Time and again, the Court has consistently ruled that"disability should not be
understood more on its medical significance but on the loss of earning
capacity."17 Permanent total disability means disablement of an employee to
earn wages in the same kind of work, or work of similar nature that she was
trained for or accustomed to perform, or any kind of work which a person of her
mentality and attainment could do. It does not mean absolute helplessness. In
disability compensation, it is not the injury which is compensated, but rather it is
the incapacity to work resulting in the impairment of ones earning capacity.18
Lastly, it is right that petitioner be awarded moral and exemplary damages and
attorneys fees. Article 2220 of the Civil Code provides:
Willful injury to property may be a legal ground for awarding moral damages if
the court should find that, under the circumstances, such damages are justly
due. The same rule applies to breaches of contract where the defendant acted
fraudulently or in bad faith.

Here, petitioners illness and disability were the direct results of the demands of
his shipboard employment contract and the harsh and inhumane treatment of
the officers on board the vessel "Olandia." For no justifiable reason, respondents
refused to pay their contractual obligations in bad faith. Further, it cannot be
gainsaid that petitioners disability is not only physical but mental as well
because of the severe depression, mental torture, anguish, embarrassment,
anger, sleepless nights and anxiety that befell him.
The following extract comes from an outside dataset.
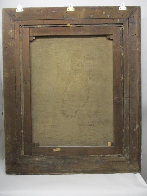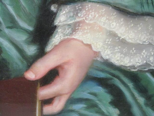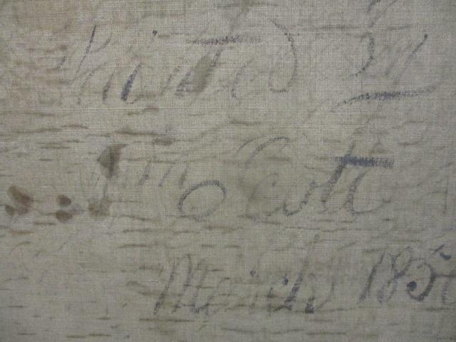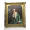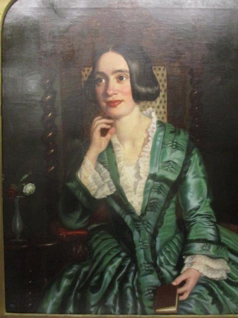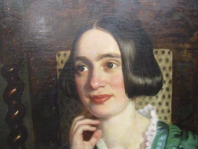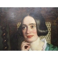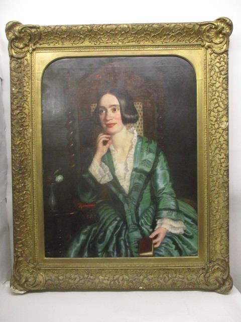 ** Scott - a half length portrait of a girl with black hair wearing a green dress with a lace collar, sat in an oak chair, oil on canvas, signed and dated March 1850 verso, 35" x 28", in gilt frame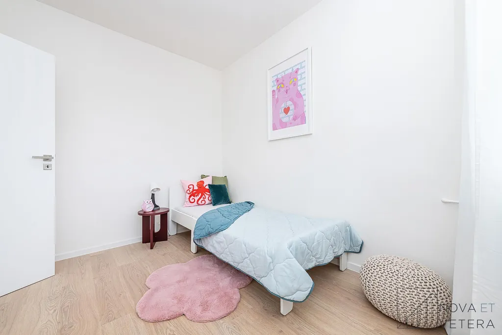 Jednotka je orientována na dvě světové strany - západ a sever. Světlý obývací pokoj disponuje vstupem na lodžii o velikosti 6 m² a s odděleným kuchyňským koutem. K dispozici jsou tři samostatné pokoje, které mohou sloužit jako ložnice, dětský pokoj, pracovna nebo pokoj pro hosty. Dva z pokojů mají vlastní vstup na lodžii, jedna o velikosti 3 m² a druhá 4,5 m². Moderní koupelna je vybavena sprchovým koutem a toaletou, druhá toaleta je samostatná. Vstupní chodba a samostatná místnost, která může sloužit jako komora nebo šatna nabízí dostatek úložného prostoru. K bytu náleží sklepní kóje o velikosti 2 m².

To protect his rights and
interest, petitioner was constrained to institute his complaint below and hire the
services of an attorney.

As correctly resolved by the NLRC, the Labor Arbiter committed no grave abuse
of discretion in awarding petitioner P50,000.00 as moral damages; P50,000.00
as exemplary damages; US$1,200.00 sickness wages; US$13,200.00 disability
allowance; and attorneys fees of ten percent (10%) of the total entitlement.
WHEREFORE, the instant petition is GRANTED. Accordingly, the challenged
decision and resolution of the CA are REVERSED and SET ASIDE. The decision
dated November 24, 2003 of the NLRC, affirmatory of that of the Labor Arbiter, is
REINSTATED.
SO ORDERED.

On the whole, we find the decision of the Labor Arbiter, as affirmed by the NLRC,
awarding the petitioners money claims to be supported by substantial evidence.